Figura 7: Relleno cero mostrado para el primer píxel de la imagen (dibujado por mí)
Este proceso de adición de ceros adicionales se conoce como relleno cero y se requiere que se haga en cada caso en el que no haya píxeles de la imagen que se superpongan a los píxeles del núcleo. En nuestro ejemplo, el relleno cero debe realizarse para todos y cada uno de los píxeles que se encuentran a lo largo de las dos primeras filas y columnas, así como los que aparecen a lo largo de las dos últimas filas y columnas (estos píxeles se muestran en azul en la Figura 8). En general, el número de filas o columnas que hay que rellenar de cero en cada lado de la imagen de entrada viene dado por (número de filas o columnas en el núcleo – 1).
Figura 8
Una cosa importante que hay que mencionar es el hecho de que el relleno de cero no es la única forma de tratar los efectos de borde provocados por la convolución.
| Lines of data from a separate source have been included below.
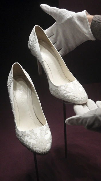 Для создания одного из самых известных королевских образов в истории Кейт Миддлтон выбрала в качестве дизайнера Сару Бертон, креативного директора бренда Alexander McQueen. Она же специально разрабатывала свадебную обувь для будущей принцессы Уэльской — элегантные туфли на среднем каблуке, выполненные из атласной ткани цвета слоновой кости с кружевом ручной работы, которое сотворила Королевской школой рукоделия.
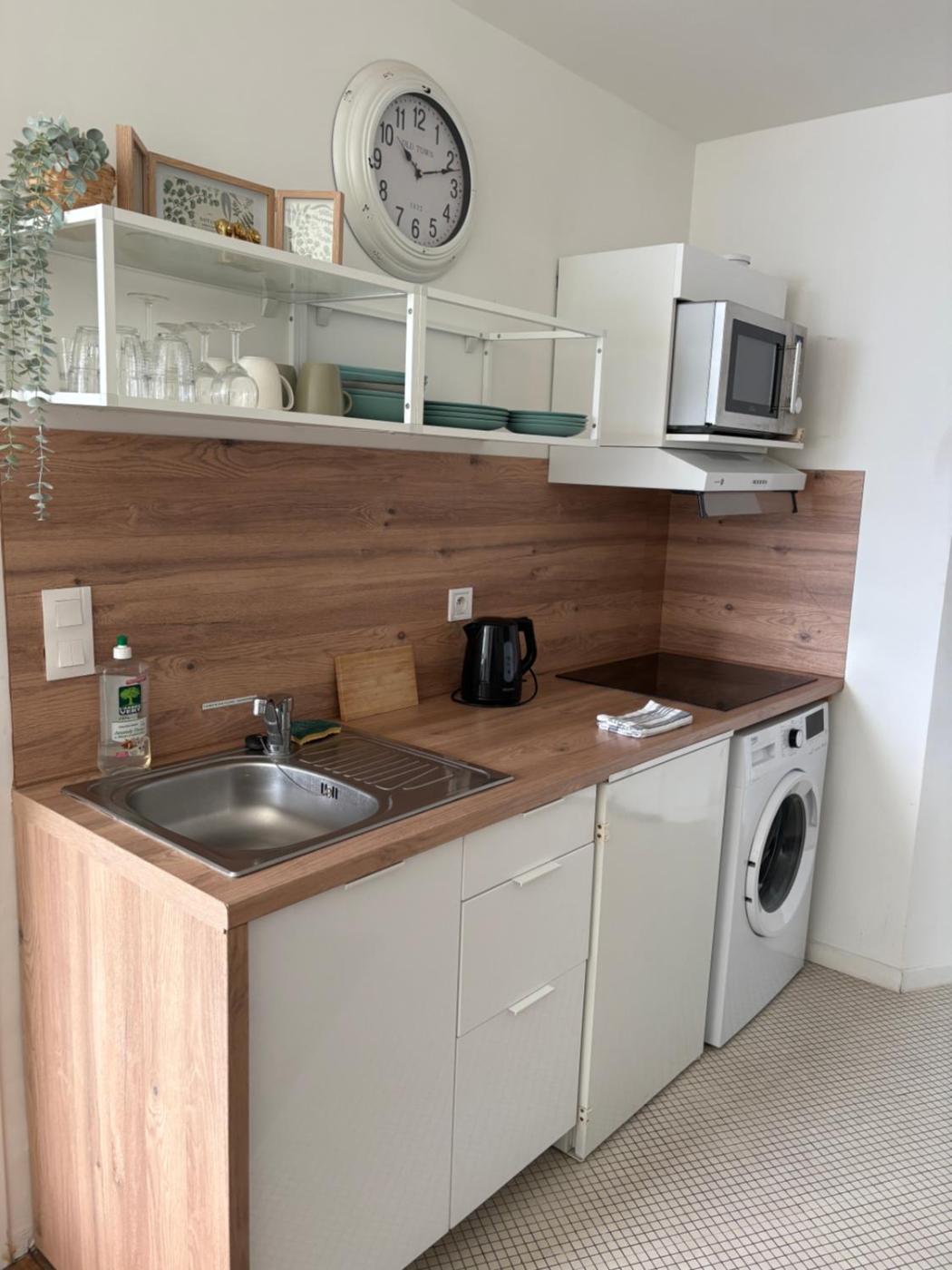 Appartement 1 Chambre. The apartment features 1 bedroom and 1 bathroom with a walk-in shower and free toiletries. The well-equipped kitchen has a stovetop, a refrigerator, kitchenware and a microwave. The apartment offers a washing machine, soundproof walls, a tea and coffee maker, a flat-screen TV, as well as sea views. The unit offers 1 bed.
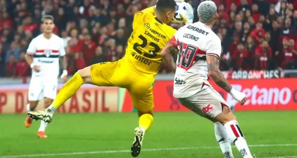 Acuado, o São Paulo mal passava do meio de campo e só teve oportunidade nos acréscimos. Jandrei fez lançamento longo, Esquivel falhou ao tirar, e Ferraresi foi travado por Santos na hora de finalizar.
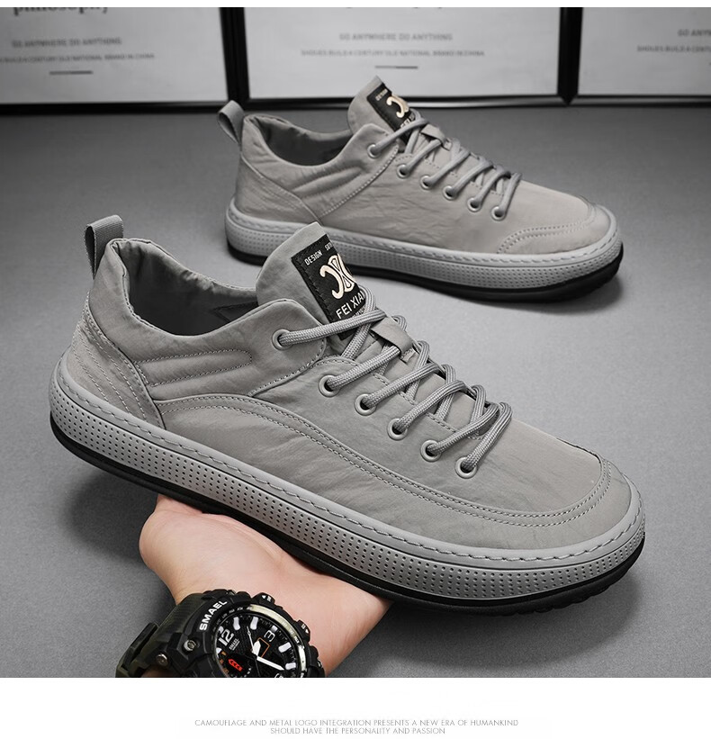 男士板鞋2025新款春秋一脚蹬透气小白鞋轻便防滑冰丝男士休闲潮鞋 W867绿色 42
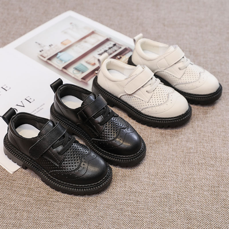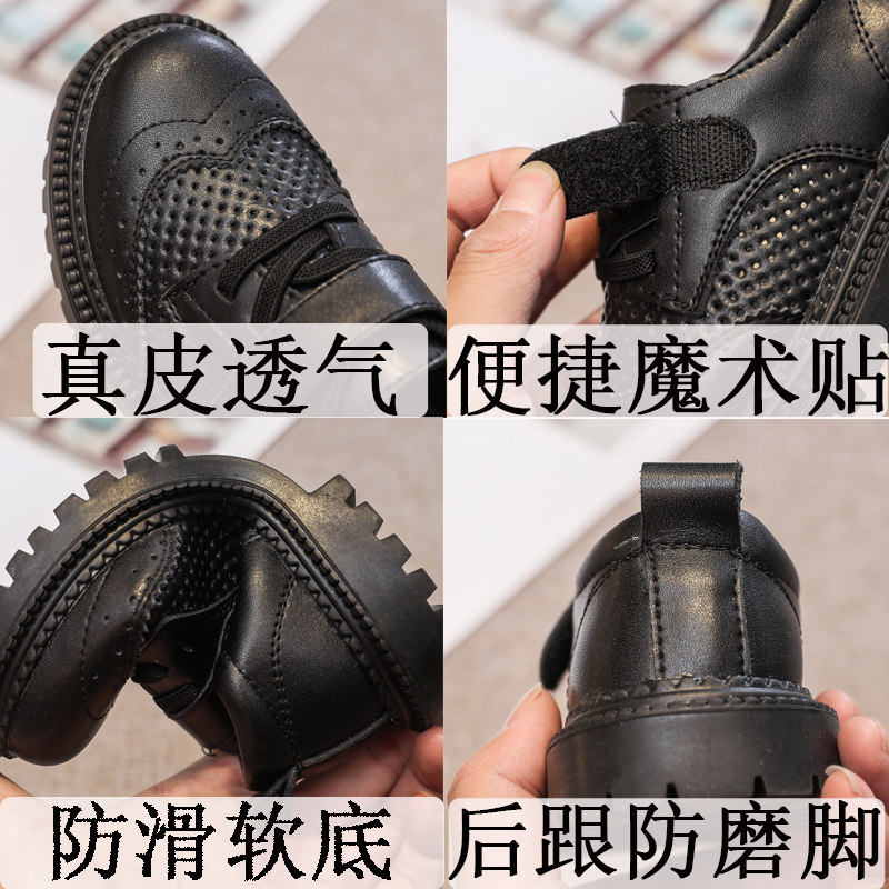 男童皮鞋真皮镂空透气软底凉鞋2023春夏儿童单鞋魔术贴女童表演鞋
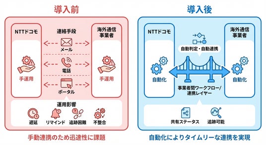本実証実験では、不具合発生時に、「何が起きたのか」「どのネットワークで発生したのか」「どのような対応が進められているのか」などを迅速に可視化し、従来手動で行っていたプロセスを自動化されたワークフローへと転換しました。これにより通信事業者は、より早く状況を把握することで正確な対応を進めることができ、お客さまが安心して通信サービスをご利用いただける環境の実現に貢献します。また、問題の早期検知と迅速な 解決が可能となることで、世界中の渡航者に対する国際ローミングサービス品質のさらなる向上につながります。
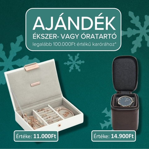 *Webshopunkban a teljes árú, legalább 100.000Ft értékű női vagy férfi karóra vásárlása esetén választható az ajándék a készlet erejéig, ill. visszavonásig. Más kedvezménnyel, akcióval, ajándékkal, online kuponkóddal nem vonható össze. Okosórákra nem vonatkozik. Kérjük, hogy az ajándék terméket ne helyezze a kosarába, mivel azt a rendszer vásárlásként fogja kezelni. A termékképeken látható ékszerek és óra csak illusztrációként szolgálnak, nem képezik az ajánlat részét.

Otras técnicas de relleno incluyen el relleno de réplica, la extensión periódica, el reflejo, etc. (Digital Image Processing Using Matlab 2E, González, Tata McGraw-Hill Education, 2009).
Resumen
Este artículo tiene como objetivo explicar el método gráfico de la convolución bidimensional y el concepto de relleno cero con respecto al procesamiento digital de imágenes.